Tuesday, April 6, 2010

Wood Turtles

Well, its early April and I've already found and documented 18 species of reptiles and amphibians since mid-March in Michigan this spring. Of these species that I've seen, there's a particular species of turtle that inhabits the northern region of the Lower Peninsula and into the Upper Peninsula. It is a turtle of clear, cool rivers and adjacent woodlands. It is of course Glyptemys insculpta, the Wood Turtle. These turtles are an intermediate between river turtles like the Northern Map Turtle and terrestrial turtles like the Eastern Box Turtle. Woods spend most of their time in the early spring in the rivers and then eventually move into the woodlands by early summer. In late March, a good friend and I decided to take a hike along a local river and see what sorts of herpetofauna we could find.

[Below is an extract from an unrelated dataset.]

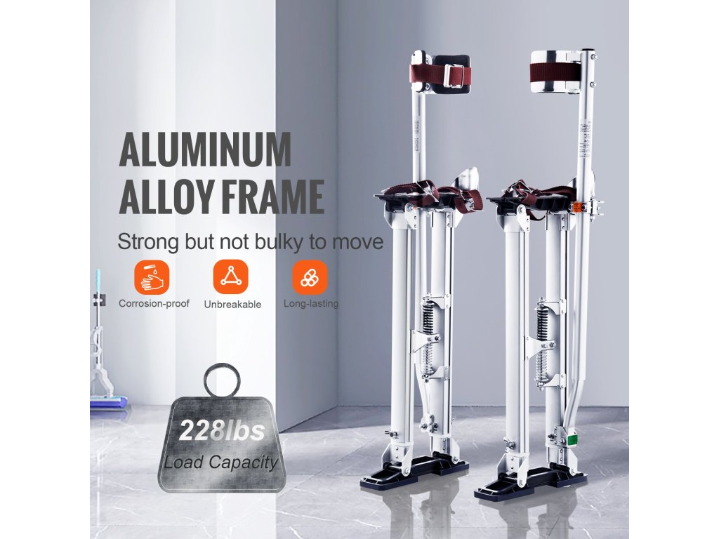 Chrániče VEVOR na sadrokartónové dosky sú skonštruované tak, aby vydržali. Sú vyrobené z pevnej hliníkovej zliatiny a udržia až 228 kg. To zaručuje optimálnu stabilitu a odolnosť. Sú odolné proti korózii a nedeformujú sa, takže sa môžete spoľahnúť na ich dlhodobé používanie. Rám z hliníkovej kovovej zliatiny poskytuje pevnosť a spoľahlivosť. Tieto chodúle sú navrhnuté tak, aby zvládli náročné úlohy bez toho, aby sa zlomili, a stanovujú štandard kvality a výkonu pre profesionálov, ktorí potrebujú spoľahlivú oporu. Pripravte sa na bezkonkurenčnú stabilitu a kvalitu.

We noticed good numbers of Map Turtles basking on fallen logs, so we were hopeful that several other species would be out and about. There was no lack of snakes in the floodplain forest, as we found several species moving about in the warm afternoon sunshine.

Northern Brown Snake - Storeria dekayi

Eastern Garter Snake - Thamnophis sirtalis

Eventually by walking along the river's edge we got lucky. These things just stand out in the crystal clear water. He was in pursuit of a smaller wood turtle a little farther out, we just sat and watched him moving about for a few minutes.

Farther downstream we found two males out and about for a stroll along the river's edge. They were more than cooperative for pictures as they moved about along the forest floor. This species of turtle has more personality than any other reptile or amphibian I've ever encountered in the field.